Take the entries that follow and return only the lines from the one with "Der Gepäckträger verfügt" through the final line, leaving every picture behind.

^^^^

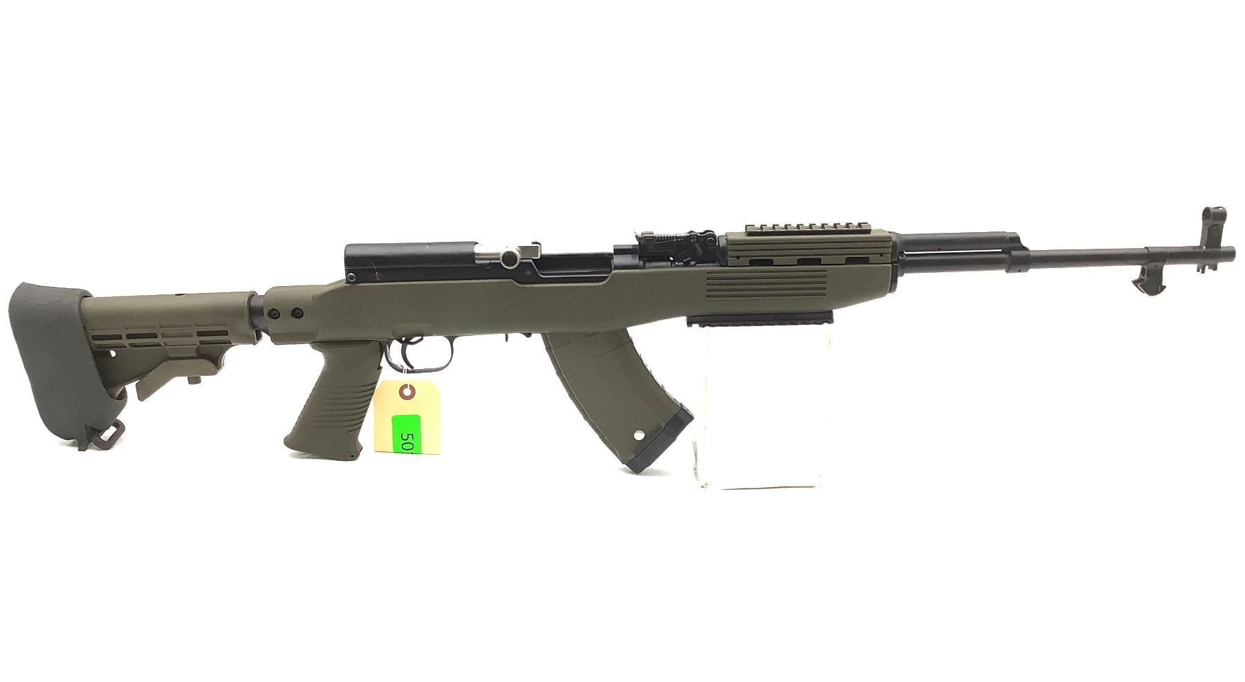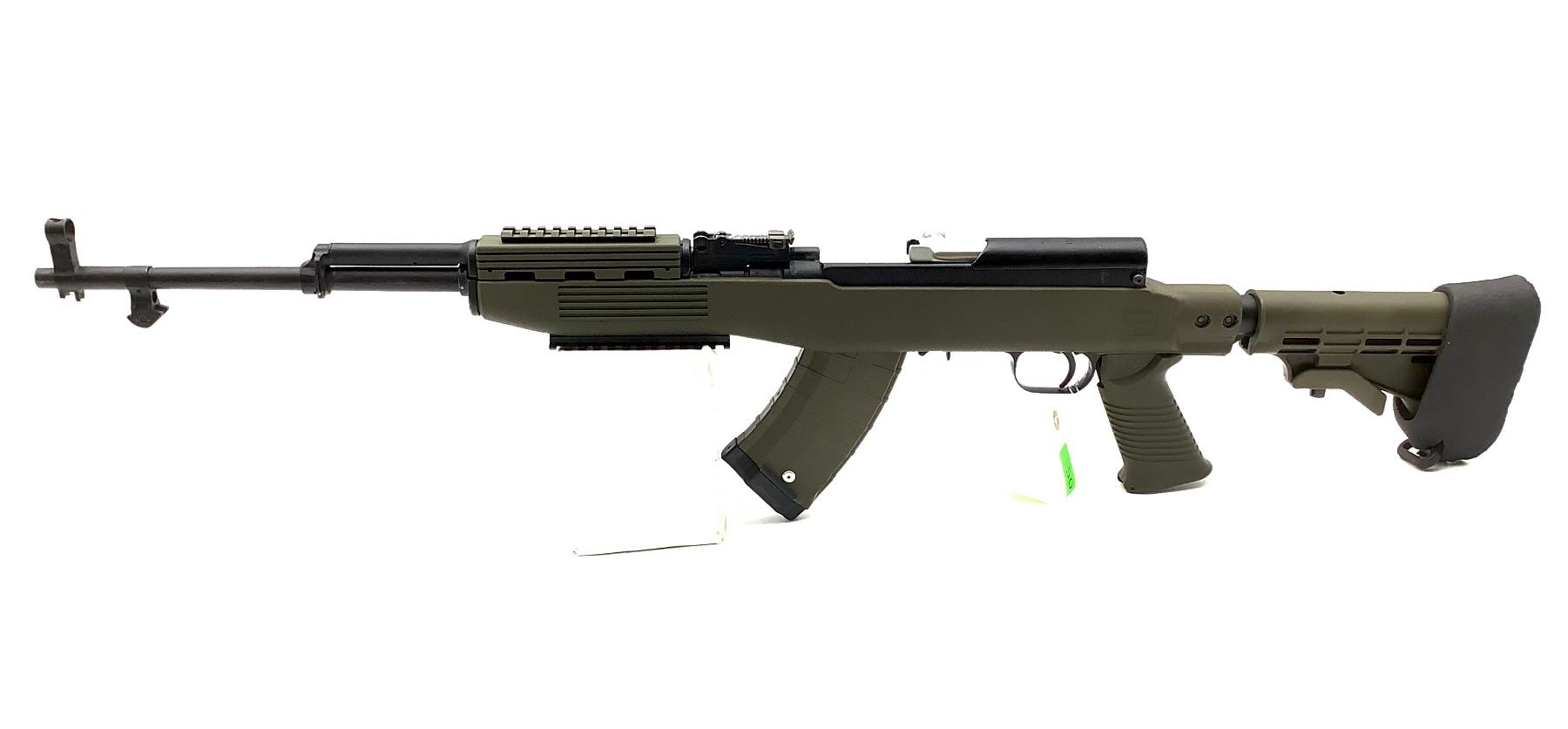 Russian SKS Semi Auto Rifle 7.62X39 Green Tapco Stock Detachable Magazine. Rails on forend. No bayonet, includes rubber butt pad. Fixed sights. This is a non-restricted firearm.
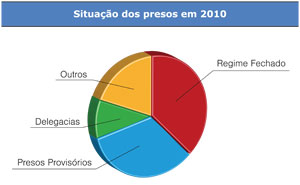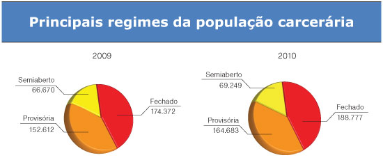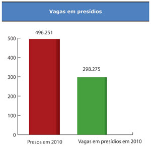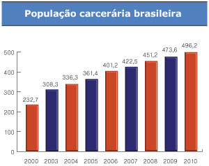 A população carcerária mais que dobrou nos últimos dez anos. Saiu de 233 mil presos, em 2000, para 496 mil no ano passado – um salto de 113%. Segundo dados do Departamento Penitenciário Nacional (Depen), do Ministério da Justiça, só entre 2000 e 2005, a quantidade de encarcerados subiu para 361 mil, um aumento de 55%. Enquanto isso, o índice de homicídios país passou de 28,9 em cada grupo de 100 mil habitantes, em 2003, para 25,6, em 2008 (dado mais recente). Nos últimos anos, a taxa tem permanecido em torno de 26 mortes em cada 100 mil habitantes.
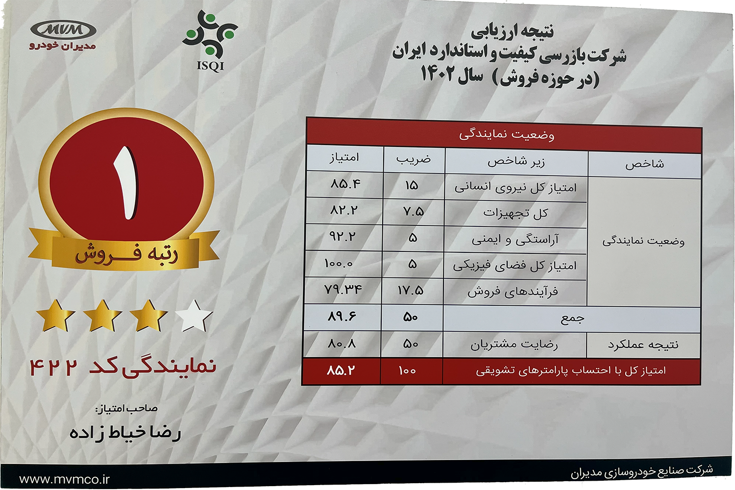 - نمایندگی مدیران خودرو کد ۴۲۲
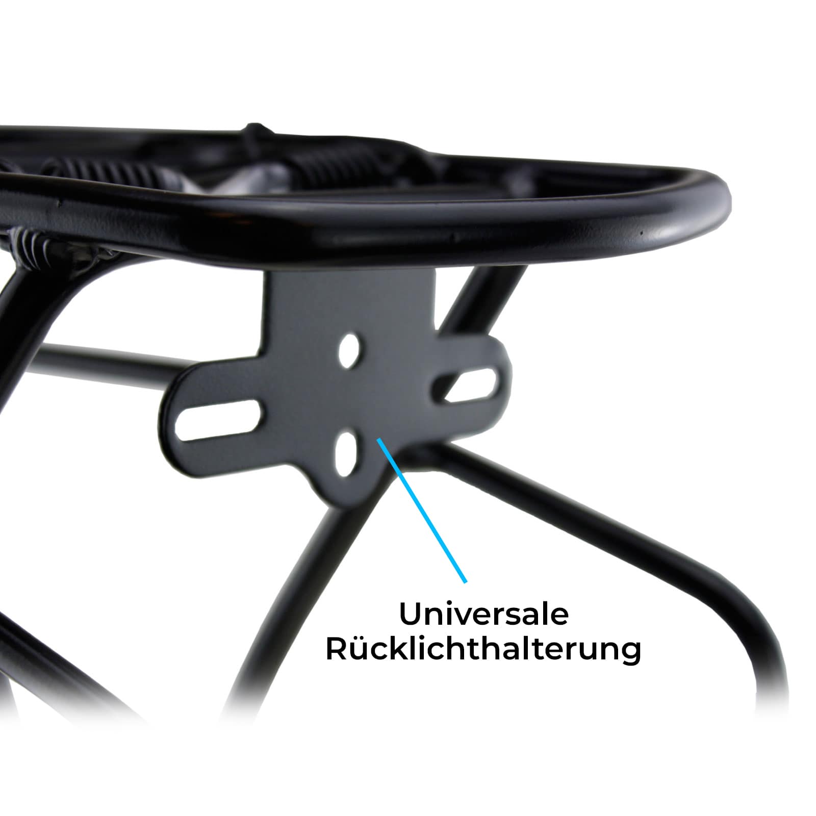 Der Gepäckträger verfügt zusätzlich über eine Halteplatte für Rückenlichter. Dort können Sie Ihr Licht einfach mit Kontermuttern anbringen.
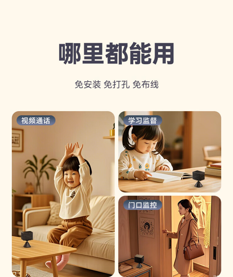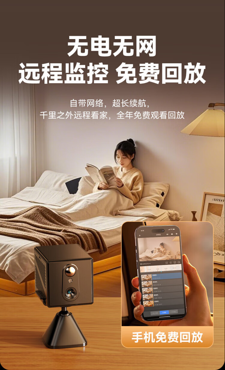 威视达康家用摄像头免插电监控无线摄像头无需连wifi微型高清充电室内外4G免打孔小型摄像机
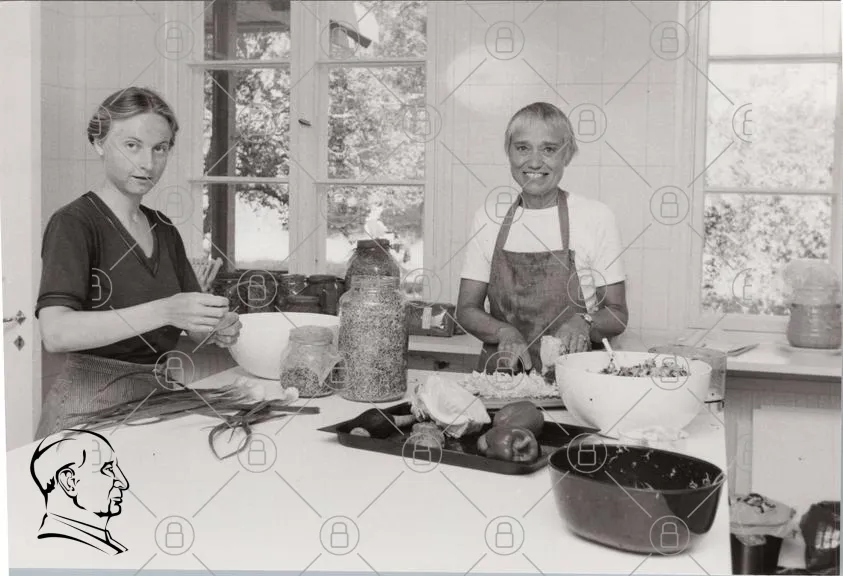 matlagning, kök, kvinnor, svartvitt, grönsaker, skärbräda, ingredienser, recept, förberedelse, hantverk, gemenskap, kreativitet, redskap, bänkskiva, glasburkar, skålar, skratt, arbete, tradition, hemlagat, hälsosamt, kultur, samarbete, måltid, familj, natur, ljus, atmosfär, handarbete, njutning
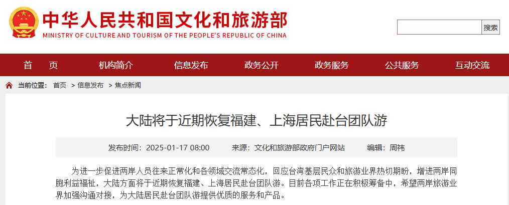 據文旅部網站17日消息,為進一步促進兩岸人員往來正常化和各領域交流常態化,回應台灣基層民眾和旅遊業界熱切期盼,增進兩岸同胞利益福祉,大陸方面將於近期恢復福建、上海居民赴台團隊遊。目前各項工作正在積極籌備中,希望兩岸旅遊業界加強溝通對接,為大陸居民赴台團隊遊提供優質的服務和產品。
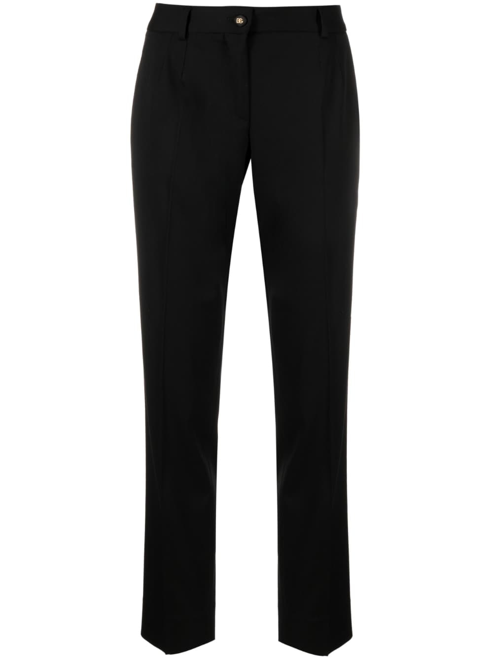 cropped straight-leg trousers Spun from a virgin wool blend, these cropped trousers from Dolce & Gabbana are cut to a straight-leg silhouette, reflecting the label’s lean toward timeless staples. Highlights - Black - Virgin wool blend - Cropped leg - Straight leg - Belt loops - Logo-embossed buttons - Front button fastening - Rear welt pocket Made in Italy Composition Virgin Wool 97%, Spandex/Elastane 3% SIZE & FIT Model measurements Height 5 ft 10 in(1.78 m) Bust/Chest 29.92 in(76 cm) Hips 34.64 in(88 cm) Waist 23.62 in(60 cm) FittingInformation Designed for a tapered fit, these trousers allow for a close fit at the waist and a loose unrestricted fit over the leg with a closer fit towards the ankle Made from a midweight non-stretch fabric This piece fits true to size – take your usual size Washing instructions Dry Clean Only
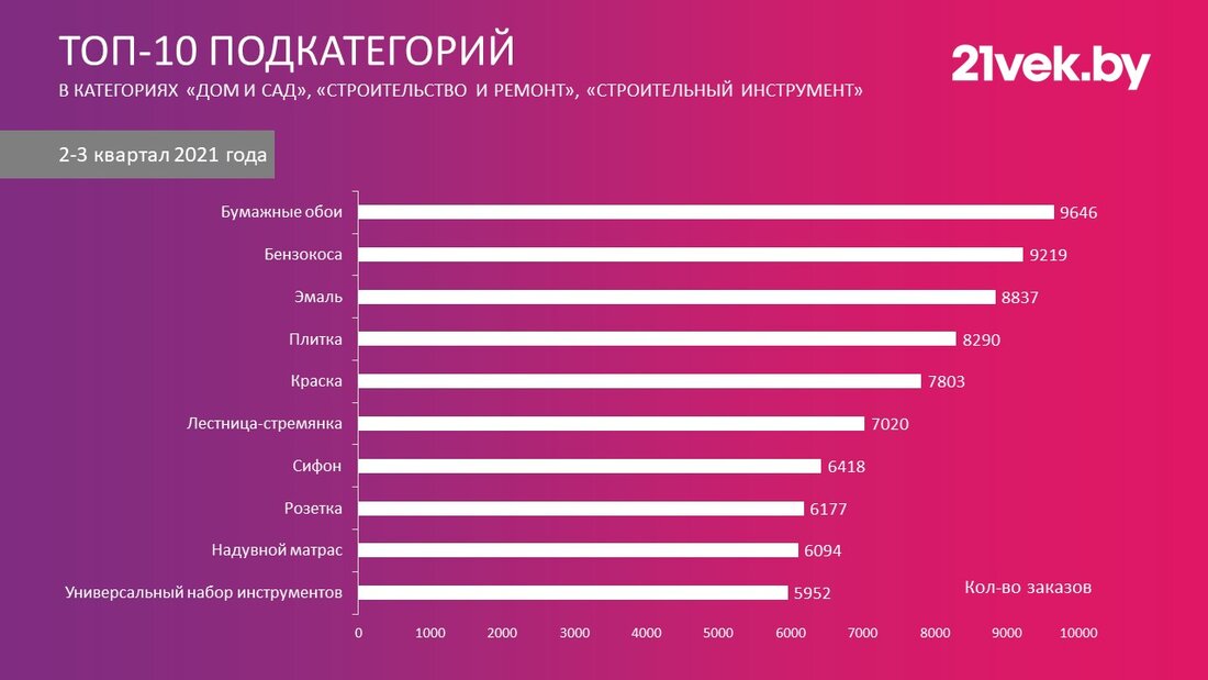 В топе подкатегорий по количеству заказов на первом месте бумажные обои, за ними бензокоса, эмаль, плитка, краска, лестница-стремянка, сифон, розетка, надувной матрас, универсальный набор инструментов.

^^^^

■ **EXERCISE RESPONSE**:
 Der Gepäckträger verfügt zusätzlich über eine Halteplatte für Rückenlichter. Dort können Sie Ihr Licht einfach mit Kontermuttern anbringen.
 威视达康家用摄像头免插电监控无线摄像头无需连wifi微型高清充电室内外4G免打孔小型摄像机
 matlagning, kök, kvinnor, svartvitt, grönsaker, skärbräda, ingredienser, recept, förberedelse, hantverk, gemenskap, kreativitet, redskap, bänkskiva, glasburkar, skålar, skratt, arbete, tradition, hemlagat, hälsosamt, kultur, samarbete, måltid, familj, natur, ljus, atmosfär, handarbete, njutning
 據文旅部網站17日消息,為進一步促進兩岸人員往來正常化和各領域交流常態化,回應台灣基層民眾和旅遊業界熱切期盼,增進兩岸同胞利益福祉,大陸方面將於近期恢復福建、上海居民赴台團隊遊。目前各項工作正在積極籌備中,希望兩岸旅遊業界加強溝通對接,為大陸居民赴台團隊遊提供優質的服務和產品。
 cropped straight-leg trousers Spun from a virgin wool blend, these cropped trousers from Dolce & Gabbana are cut to a straight-leg silhouette, reflecting the label’s lean toward timeless staples. Highlights - Black - Virgin wool blend - Cropped leg - Straight leg - Belt loops - Logo-embossed buttons - Front button fastening - Rear welt pocket Made in Italy Composition Virgin Wool 97%, Spandex/Elastane 3% SIZE & FIT Model measurements Height 5 ft 10 in(1.78 m) Bust/Chest 29.92 in(76 cm) Hips 34.64 in(88 cm) Waist 23.62 in(60 cm) FittingInformation Designed for a tapered fit, these trousers allow for a close fit at the waist and a loose unrestricted fit over the leg with a closer fit towards the ankle Made from a midweight non-stretch fabric This piece fits true to size – take your usual size Washing instructions Dry Clean Only
 В топе подкатегорий по количеству заказов на первом месте бумажные обои, за ними бензокоса, эмаль, плитка, краска, лестница-стремянка, сифон, розетка, надувной матрас, универсальный набор инструментов.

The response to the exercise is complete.